▸ ABOUT THIS TASK
Apart from the pictures, which must be omitted, restate the data exactly.

▸ EXERCISE INPUT
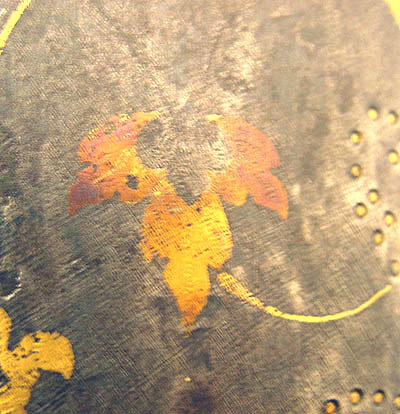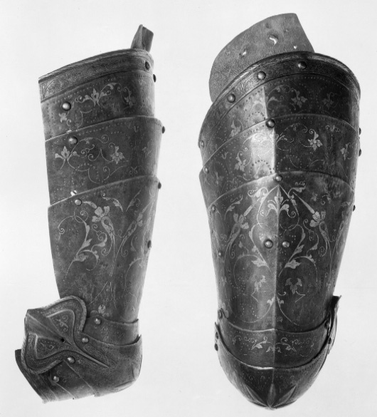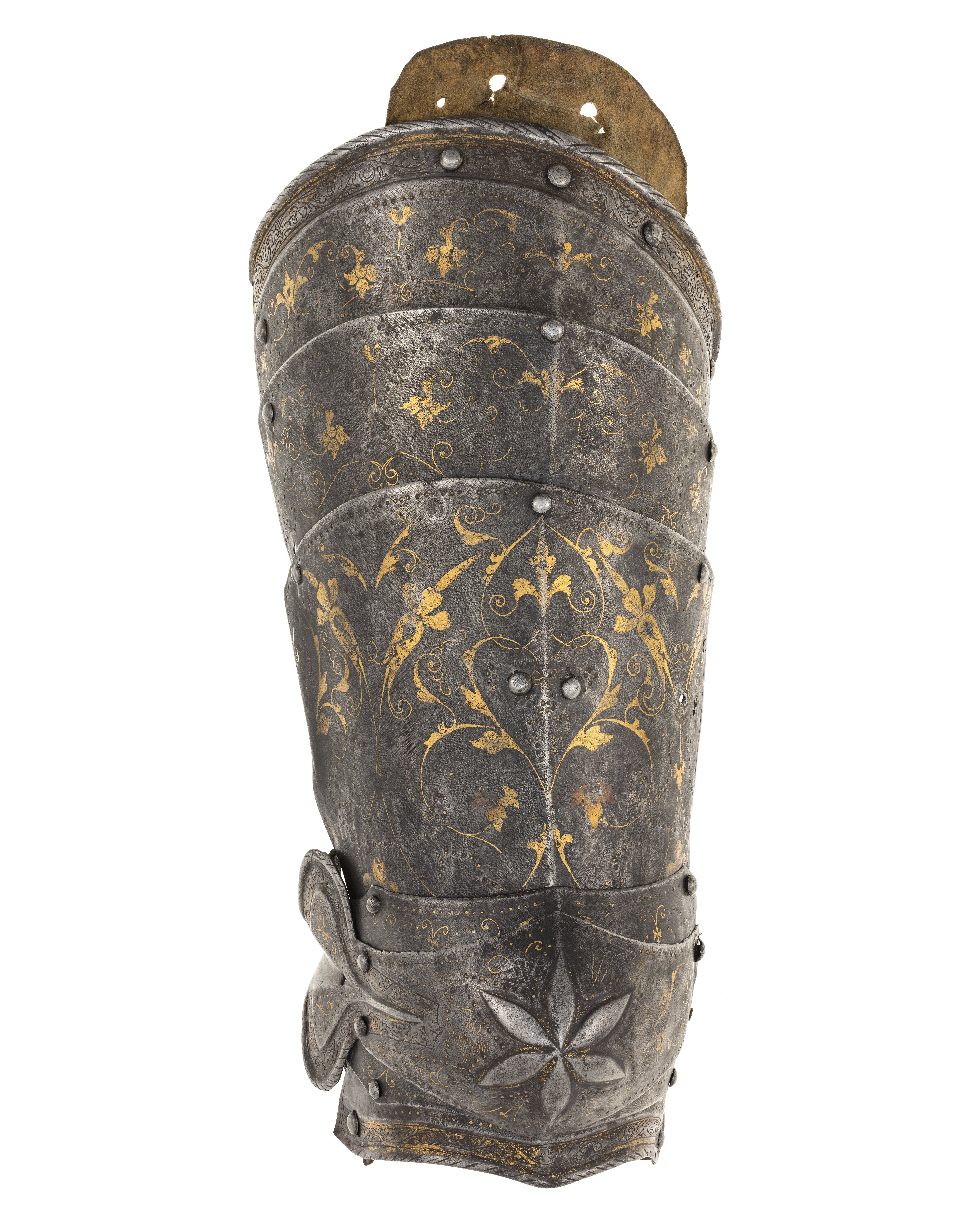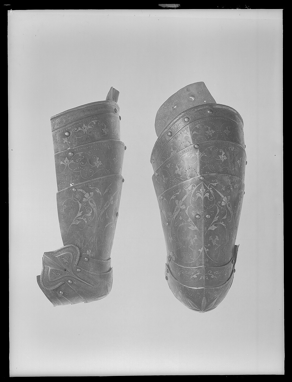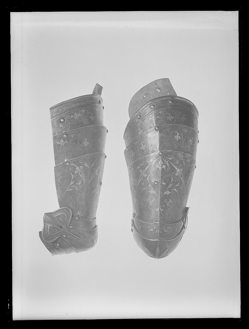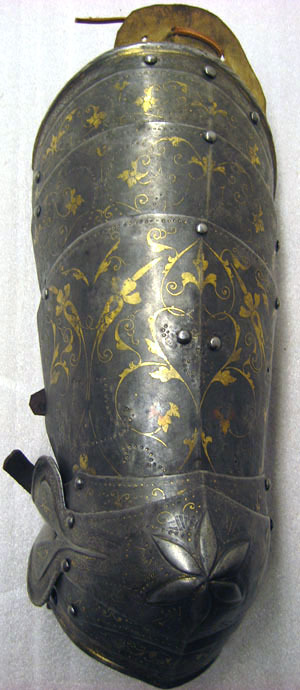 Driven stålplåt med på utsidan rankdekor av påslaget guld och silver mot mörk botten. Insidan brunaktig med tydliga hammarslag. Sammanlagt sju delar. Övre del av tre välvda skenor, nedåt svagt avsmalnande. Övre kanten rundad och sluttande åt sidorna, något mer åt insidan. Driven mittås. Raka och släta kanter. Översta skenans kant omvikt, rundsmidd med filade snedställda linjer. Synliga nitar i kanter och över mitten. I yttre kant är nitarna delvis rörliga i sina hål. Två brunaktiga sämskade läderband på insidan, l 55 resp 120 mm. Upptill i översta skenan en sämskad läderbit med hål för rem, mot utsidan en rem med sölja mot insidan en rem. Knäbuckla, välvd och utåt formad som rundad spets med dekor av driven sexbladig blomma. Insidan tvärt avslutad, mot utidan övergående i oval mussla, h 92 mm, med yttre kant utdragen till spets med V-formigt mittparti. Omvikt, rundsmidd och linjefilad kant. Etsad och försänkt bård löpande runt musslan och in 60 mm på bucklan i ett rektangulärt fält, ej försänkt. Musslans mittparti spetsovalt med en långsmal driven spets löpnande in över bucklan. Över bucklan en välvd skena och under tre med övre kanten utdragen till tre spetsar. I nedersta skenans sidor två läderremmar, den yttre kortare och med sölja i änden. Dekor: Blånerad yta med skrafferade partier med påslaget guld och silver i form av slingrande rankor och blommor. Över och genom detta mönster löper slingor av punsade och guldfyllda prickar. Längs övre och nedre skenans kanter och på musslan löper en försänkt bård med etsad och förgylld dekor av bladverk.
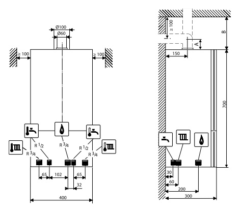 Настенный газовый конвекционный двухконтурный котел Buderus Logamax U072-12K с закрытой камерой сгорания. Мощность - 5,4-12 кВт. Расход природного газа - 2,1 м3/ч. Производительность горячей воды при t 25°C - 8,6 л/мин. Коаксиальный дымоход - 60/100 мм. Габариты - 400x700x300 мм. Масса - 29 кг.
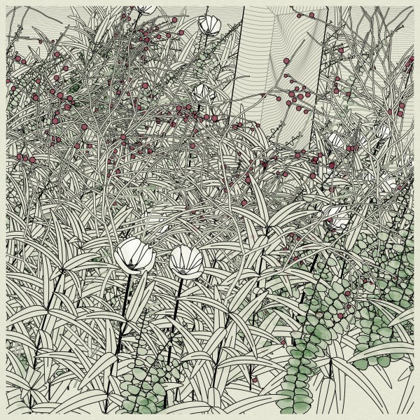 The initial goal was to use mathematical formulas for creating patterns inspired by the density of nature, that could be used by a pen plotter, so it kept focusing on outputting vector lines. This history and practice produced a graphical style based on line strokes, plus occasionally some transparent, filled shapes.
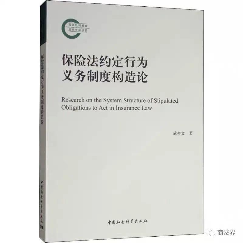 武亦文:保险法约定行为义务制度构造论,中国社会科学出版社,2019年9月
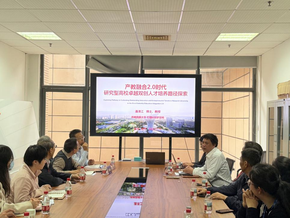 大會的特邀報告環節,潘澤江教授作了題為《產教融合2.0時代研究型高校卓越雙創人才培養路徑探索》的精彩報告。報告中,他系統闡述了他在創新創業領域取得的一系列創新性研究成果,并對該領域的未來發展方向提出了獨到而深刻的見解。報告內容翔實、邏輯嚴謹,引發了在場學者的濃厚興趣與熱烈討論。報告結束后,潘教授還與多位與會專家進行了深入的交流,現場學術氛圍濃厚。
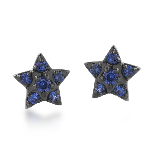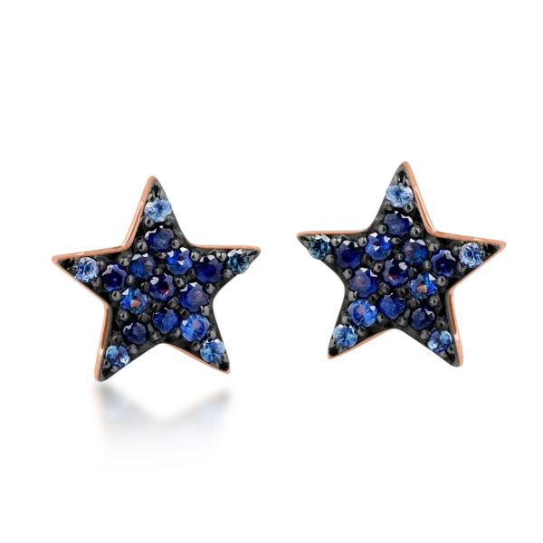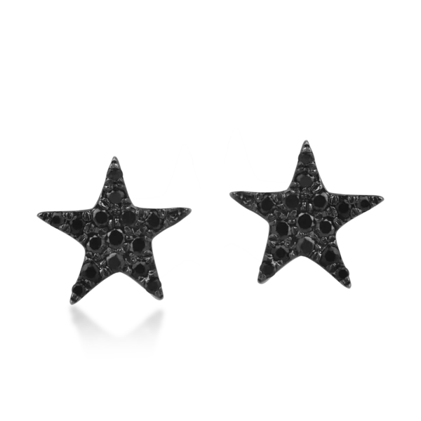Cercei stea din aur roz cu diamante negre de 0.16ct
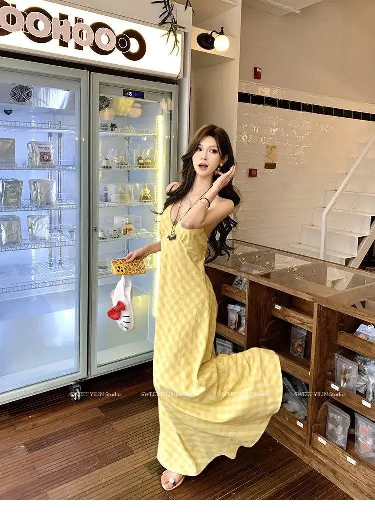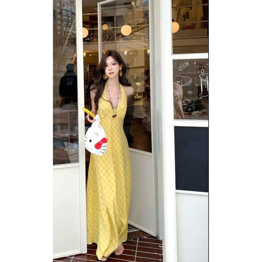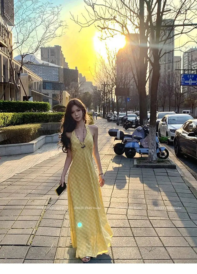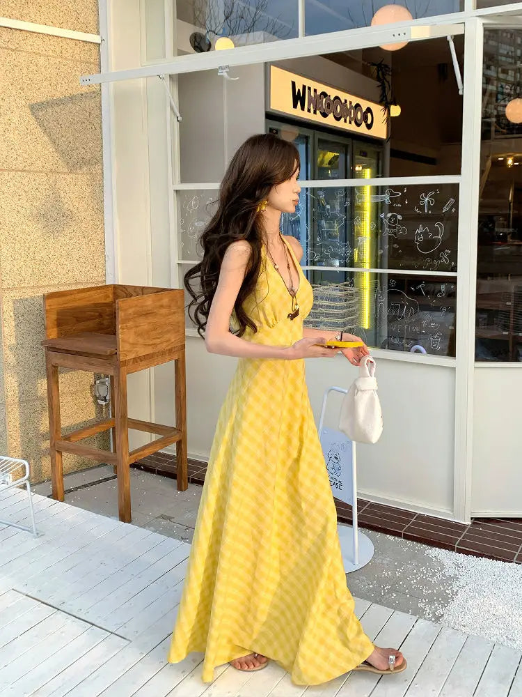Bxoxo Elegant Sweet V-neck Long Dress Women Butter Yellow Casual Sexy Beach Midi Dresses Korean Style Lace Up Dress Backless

▸ ANSWER TO THE PROBLEM
 Driven stålplåt med på utsidan rankdekor av påslaget guld och silver mot mörk botten. Insidan brunaktig med tydliga hammarslag. Sammanlagt sju delar. Övre del av tre välvda skenor, nedåt svagt avsmalnande. Övre kanten rundad och sluttande åt sidorna, något mer åt insidan. Driven mittås. Raka och släta kanter. Översta skenans kant omvikt, rundsmidd med filade snedställda linjer. Synliga nitar i kanter och över mitten. I yttre kant är nitarna delvis rörliga i sina hål. Två brunaktiga sämskade läderband på insidan, l 55 resp 120 mm. Upptill i översta skenan en sämskad läderbit med hål för rem, mot utsidan en rem med sölja mot insidan en rem. Knäbuckla, välvd och utåt formad som rundad spets med dekor av driven sexbladig blomma. Insidan tvärt avslutad, mot utidan övergående i oval mussla, h 92 mm, med yttre kant utdragen till spets med V-formigt mittparti. Omvikt, rundsmidd och linjefilad kant. Etsad och försänkt bård löpande runt musslan och in 60 mm på bucklan i ett rektangulärt fält, ej försänkt. Musslans mittparti spetsovalt med en långsmal driven spets löpnande in över bucklan. Över bucklan en välvd skena och under tre med övre kanten utdragen till tre spetsar. I nedersta skenans sidor två läderremmar, den yttre kortare och med sölja i änden. Dekor: Blånerad yta med skrafferade partier med påslaget guld och silver i form av slingrande rankor och blommor. Över och genom detta mönster löper slingor av punsade och guldfyllda prickar. Längs övre och nedre skenans kanter och på musslan löper en försänkt bård med etsad och förgylld dekor av bladverk.
 Настенный газовый конвекционный двухконтурный котел Buderus Logamax U072-12K с закрытой камерой сгорания. Мощность - 5,4-12 кВт. Расход природного газа - 2,1 м3/ч. Производительность горячей воды при t 25°C - 8,6 л/мин. Коаксиальный дымоход - 60/100 мм. Габариты - 400x700x300 мм. Масса - 29 кг.
 The initial goal was to use mathematical formulas for creating patterns inspired by the density of nature, that could be used by a pen plotter, so it kept focusing on outputting vector lines. This history and practice produced a graphical style based on line strokes, plus occasionally some transparent, filled shapes.
 武亦文:保险法约定行为义务制度构造论,中国社会科学出版社,2019年9月
 大會的特邀報告環節,潘澤江教授作了題為《產教融合2.0時代研究型高校卓越雙創人才培養路徑探索》的精彩報告。報告中,他系統闡述了他在創新創業領域取得的一系列創新性研究成果,并對該領域的未來發展方向提出了獨到而深刻的見解。報告內容翔實、邏輯嚴謹,引發了在場學者的濃厚興趣與熱烈討論。報告結束后,潘教授還與多位與會專家進行了深入的交流,現場學術氛圍濃厚。
Cercei stea din aur roz cu diamante negre de 0.16ct
Bxoxo Elegant Sweet V-neck Long Dress Women Butter Yellow Casual Sexy Beach Midi Dresses Korean Style Lace Up Dress Backless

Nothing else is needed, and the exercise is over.